Denpasar – Gubernur Bali, Wayan Koster mengenalkan arak tradisional Bali kepada Presiden Kongres Advokat Indonesia (KAI), Adv. DR. H. Tjoetjoe Sandjaja Hernanto dan ratusan peserta lainnya dari seluruh Indonesia dalam jamuan makan malam di Jayasabha, Denpasar Minggu, 29 Mei 2022 malam.
Selain memperkenalkan Arak Tradisional Lokal Bali dihadapan peserta Rakernas KAI, Gubernur Bali, Wayan Koster juga menyuarakan perjuangan agar KAI ikut serta mengkaji sejumlah Undang – Undang, Peraturan Pemerintah atau Keppres yang terlalu ramah terhadap produk impor saat acara Rapat Kerja Nasional (Rakernas) KAI yang berlangsung pada, Senin 30 Mei 2022 di Kuta, Badung.
Gubernur Bali menyatakan, kegiatan Rakrnas KAI, memberi arti positif, sebagai upaya pemulihan pariwisata dan ekonomi Bali pasca pandemi Covid-19 yang disertai dengan melakukan toast arak tradisional lokal Bali.
Gubernur Koster Minta Jaga Kualitas Arak Bali dengan Fermentasi Secara Tradisional
“Jamuan arak Bali sudah menjadi jamuan tamu kehormatan Gubernur Bali, seperti Duta Besar hingga Menteri sudah mencoba kualitas arak Bali yang disebutnya enak sekali,” ucap Gubsernur Koster.

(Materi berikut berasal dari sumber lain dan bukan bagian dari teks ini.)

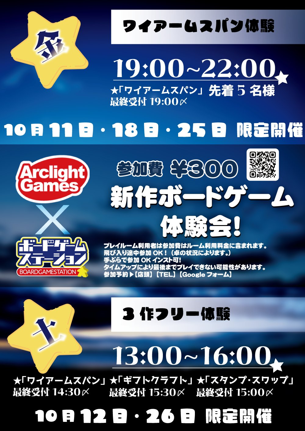 【開催スケジュール】 🌙 【金曜の部】 ☀️ 【土曜の部】 各部、飛び入り途中参加OK!(卓の状況によります。) 【参加費】 【参加受付】※開催5分前まで受付しております★店頭 ★TEL 048-783-7828 ★Eメール ※「Eメール」でご予約の際は、件名を「新作ボードゲーム体験会参加予約」として、お名前(フルネーム)・電話番号(携帯)・参加希望日を明記の上、omiya☆bg-st.net(☆は@)まで送信してください。 ★Googleアンケートフォーム(https://forms.gle/9BT12LNHgZC7EWj) 「興味はあるけど難しそう…」「ボードゲーム普段やってないし不安…」ご心配なく!! 気に入ったら当店で予約/購入してね!💁 💁

Saat ini, arak Bali sudah berkembang produksi arak Bali dengan kemasan yang bagus semenjak hadirnya Peraturan Gubernur Bali Nomor 1 Tahun 2020 Tentang Tata Kelola Minuman Fermentasi Dan/Atau Destilasi Khas Bali.
Mantan Anggota DPR RI 3 Periode dari Fraksi PDI Perjuangan ini menceritakan bahwa dulu tidak boleh arak Bali diproduksi, karena arak dimasukan dalam daftar negatif investasi.
“Kita punya produk tradisional lokal berupa minuman di Bali, Sulawesi Utara hingga di NTT yang menjadi sumber penghidupan masyarakatnya, namun ini masuk dalam daftar negatif investasi. Jadi ini lucu, karena impor miras (Minuman Keras, red) boleh masuk, maka ini logikanya terbalik, yang lokal di larang, tapi impor boleh masuk, kapan ekonomi petani Kita kuat dan kapan
petani Kita juga mendapat manfaat,” ujar Ketua DPD PDI Perjuangan Provinsi Bali ini.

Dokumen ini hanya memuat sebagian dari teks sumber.